20a, b, c, d gas pipes from gas pipe 6a via valves 11a, b, c, d to reactors 1a, b, c, d

21a, b, c, d gas pipes from heat-exchangers 3a, b, c, d to reactors 1a, b, c, d

22a, b, c, d gas pipes from gas pipe 7b via valves 12a, b, c, d to pumps 4a, b, c, d

23a, b, c, d gas pipes from gas pipe 7a via valves 14a, b, c, d to pumps 4a, b, c, d

24a, b, c, d gas pipes from gas pipe 7b via valves 13a, b, c, d to reactors 1a, b, c, d

25a, b, c, d gas pipes from gas pipe 7a via valves 15a, b, c, d to reactors 1a, b, c, d

26a, b, c, d gas pipes from pumps 4a, b, c, d via heat-exchangers 2a, b, c, d to reactors 1a, b, c, d

27a, b, c waste gas pipes with valves 16a, b, c

A, B mixers for producing the HF-inert gas mixture.

For reasons of improved clarity, in FIGS. 2 to 5, only the reactors, heat-exchangers, pumps, opened valves and gas pipes connected together in the relevant period are drawn.

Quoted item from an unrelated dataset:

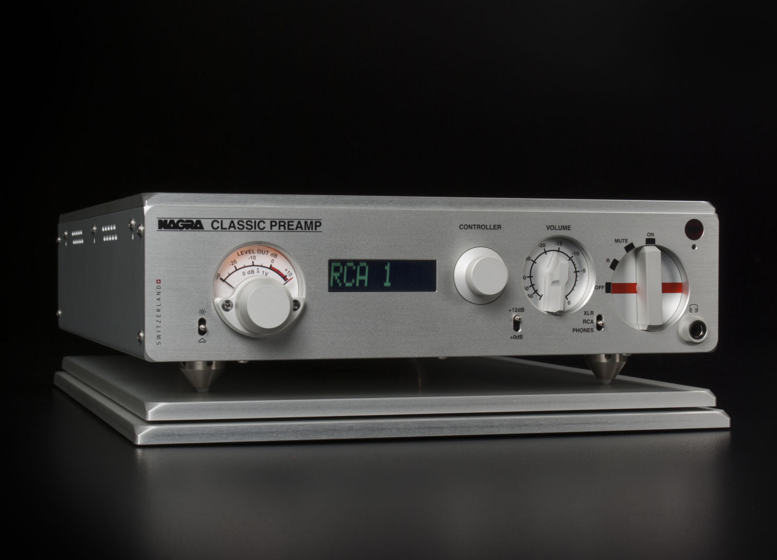 Die Ausgangsspannung wird vom bekannten Nagra Modulometer angezeigt – eine Reminiszenz an die klassischen Nagra-Bandmaschinen. Sie kann über einen Schalter zwischen 0 und 12 db angepasst werden. Das Signal kann wahlweise symmetrisch mit XLR oder assymmetrisch via Cinch ausgegeben werden. Optionale, klangsteigernde Ein- und Ausgangsübetrager stehen für einen echten trafosymmetrischen Betrieb zur Verfügung. Für den Kopfhörerbetrieb wird der gleiche Verstärker wie beim Classic DAC eingesetzt (!). Auch hier alles auf höchstem Niveau. Selbst an die Integration des Classic Preamp in eine Heimkinoanlage wurde gedacht. Einer der Eingänge kann durchgeschaltet werden.

The waste gas pipes 27a, b, c with the valves 16a, b, c are only required for starting up the plant during the first three periods. Equally, the valves 5a and 5b are only opened during the first three periods when starting up, in order to convey HF-inert gas mixture to the reactors charged with substrate, since this is not yet available by desorption of another batch of substrate.

The HF-inert gas mixtures from the mixers A and B are fed into the gas pipes 6a and 6b through the valves 5a and 5b and, depending on the opening of the valves, passed into reactors 1a, b, c. The mixture coming from mixer B has a higher concentration than that coming from mixer A.

In the first starting up period, gas mixture from mixer A is introduced through the opened valve 10a, if necessary after cooling in heat-exchanger 3a, into reactor 1. HF is sorbed by the substrate here and the waste gas leaves the reactor through the waste gas pipe 27a when valve 16a is open. After completion of the first period, the valve 10a is closed and the valves 8a and 10b are opened.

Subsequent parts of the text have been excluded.